▶ [Work required]: Once you find the line with "Информация | Welrok" in the data below, transcribe exactly each line from there to the line with "还可以对时序进行计时支持在各", inclusive, and nothing else. Drop the pictures.

▶ [Material for this exercise]:
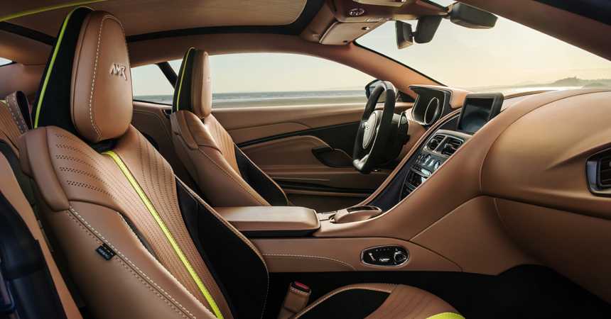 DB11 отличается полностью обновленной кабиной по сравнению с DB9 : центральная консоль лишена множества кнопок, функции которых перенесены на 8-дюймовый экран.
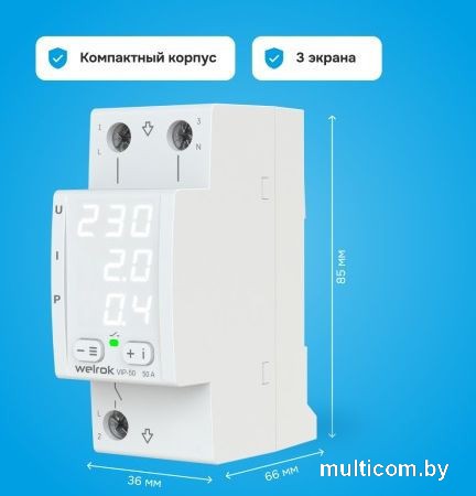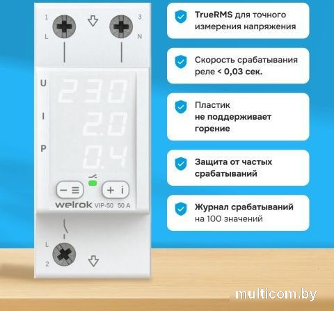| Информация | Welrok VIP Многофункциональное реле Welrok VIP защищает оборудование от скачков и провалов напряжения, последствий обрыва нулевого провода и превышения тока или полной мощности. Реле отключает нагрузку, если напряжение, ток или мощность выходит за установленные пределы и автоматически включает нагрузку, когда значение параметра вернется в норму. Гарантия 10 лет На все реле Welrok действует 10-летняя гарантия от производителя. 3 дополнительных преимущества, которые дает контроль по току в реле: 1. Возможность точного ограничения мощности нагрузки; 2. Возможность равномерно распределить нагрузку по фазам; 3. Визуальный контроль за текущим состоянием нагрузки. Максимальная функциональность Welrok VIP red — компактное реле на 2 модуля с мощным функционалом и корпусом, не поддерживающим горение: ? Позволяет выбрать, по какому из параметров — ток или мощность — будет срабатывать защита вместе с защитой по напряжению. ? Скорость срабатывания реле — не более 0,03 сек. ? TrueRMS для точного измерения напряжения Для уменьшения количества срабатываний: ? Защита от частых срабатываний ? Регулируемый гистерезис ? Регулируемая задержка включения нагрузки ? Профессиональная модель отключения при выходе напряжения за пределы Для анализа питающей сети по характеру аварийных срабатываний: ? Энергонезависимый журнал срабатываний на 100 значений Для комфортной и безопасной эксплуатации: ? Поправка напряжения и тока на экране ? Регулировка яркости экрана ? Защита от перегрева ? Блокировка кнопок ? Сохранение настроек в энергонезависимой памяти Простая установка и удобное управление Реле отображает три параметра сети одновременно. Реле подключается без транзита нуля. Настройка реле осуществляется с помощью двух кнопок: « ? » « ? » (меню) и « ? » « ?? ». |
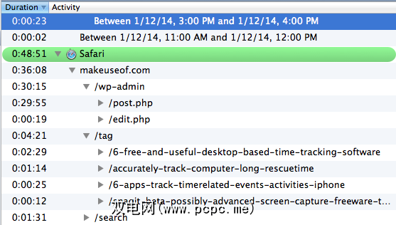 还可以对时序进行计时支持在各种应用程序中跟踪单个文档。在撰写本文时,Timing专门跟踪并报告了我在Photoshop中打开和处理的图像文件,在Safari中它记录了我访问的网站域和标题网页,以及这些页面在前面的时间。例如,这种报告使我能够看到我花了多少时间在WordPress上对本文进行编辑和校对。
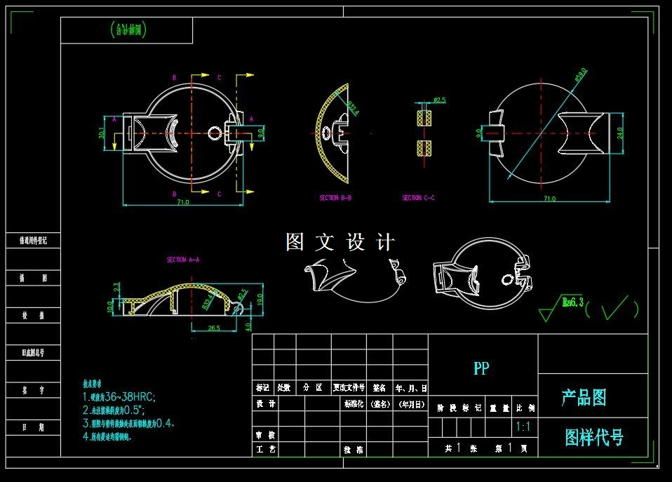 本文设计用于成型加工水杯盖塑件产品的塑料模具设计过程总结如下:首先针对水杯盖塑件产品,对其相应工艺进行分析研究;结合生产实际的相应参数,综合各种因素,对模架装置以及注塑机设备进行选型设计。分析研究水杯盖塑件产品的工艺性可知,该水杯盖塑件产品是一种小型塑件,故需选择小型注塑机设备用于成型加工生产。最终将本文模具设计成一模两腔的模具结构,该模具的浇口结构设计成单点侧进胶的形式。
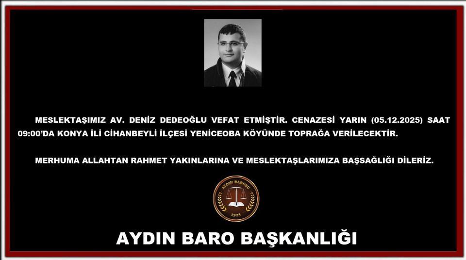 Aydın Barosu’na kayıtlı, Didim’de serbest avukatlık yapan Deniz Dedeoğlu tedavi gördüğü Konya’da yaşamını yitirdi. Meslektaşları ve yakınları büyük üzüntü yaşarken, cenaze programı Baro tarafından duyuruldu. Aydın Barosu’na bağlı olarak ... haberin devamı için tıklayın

▶ [Output of the task]:
| Информация | Welrok VIP Многофункциональное реле Welrok VIP защищает оборудование от скачков и провалов напряжения, последствий обрыва нулевого провода и превышения тока или полной мощности. Реле отключает нагрузку, если напряжение, ток или мощность выходит за установленные пределы и автоматически включает нагрузку, когда значение параметра вернется в норму. Гарантия 10 лет На все реле Welrok действует 10-летняя гарантия от производителя. 3 дополнительных преимущества, которые дает контроль по току в реле: 1. Возможность точного ограничения мощности нагрузки; 2. Возможность равномерно распределить нагрузку по фазам; 3. Визуальный контроль за текущим состоянием нагрузки. Максимальная функциональность Welrok VIP red — компактное реле на 2 модуля с мощным функционалом и корпусом, не поддерживающим горение: ? Позволяет выбрать, по какому из параметров — ток или мощность — будет срабатывать защита вместе с защитой по напряжению. ? Скорость срабатывания реле — не более 0,03 сек. ? TrueRMS для точного измерения напряжения Для уменьшения количества срабатываний: ? Защита от частых срабатываний ? Регулируемый гистерезис ? Регулируемая задержка включения нагрузки ? Профессиональная модель отключения при выходе напряжения за пределы Для анализа питающей сети по характеру аварийных срабатываний: ? Энергонезависимый журнал срабатываний на 100 значений Для комфортной и безопасной эксплуатации: ? Поправка напряжения и тока на экране ? Регулировка яркости экрана ? Защита от перегрева ? Блокировка кнопок ? Сохранение настроек в энергонезависимой памяти Простая установка и удобное управление Реле отображает три параметра сети одновременно. Реле подключается без транзита нуля. Настройка реле осуществляется с помощью двух кнопок: « ? » « ? » (меню) и « ? » « ?? ». |
 还可以对时序进行计时支持在各种应用程序中跟踪单个文档。在撰写本文时,Timing专门跟踪并报告了我在Photoshop中打开和处理的图像文件,在Safari中它记录了我访问的网站域和标题网页,以及这些页面在前面的时间。例如,这种报告使我能够看到我花了多少时间在WordPress上对本文进行编辑和校对。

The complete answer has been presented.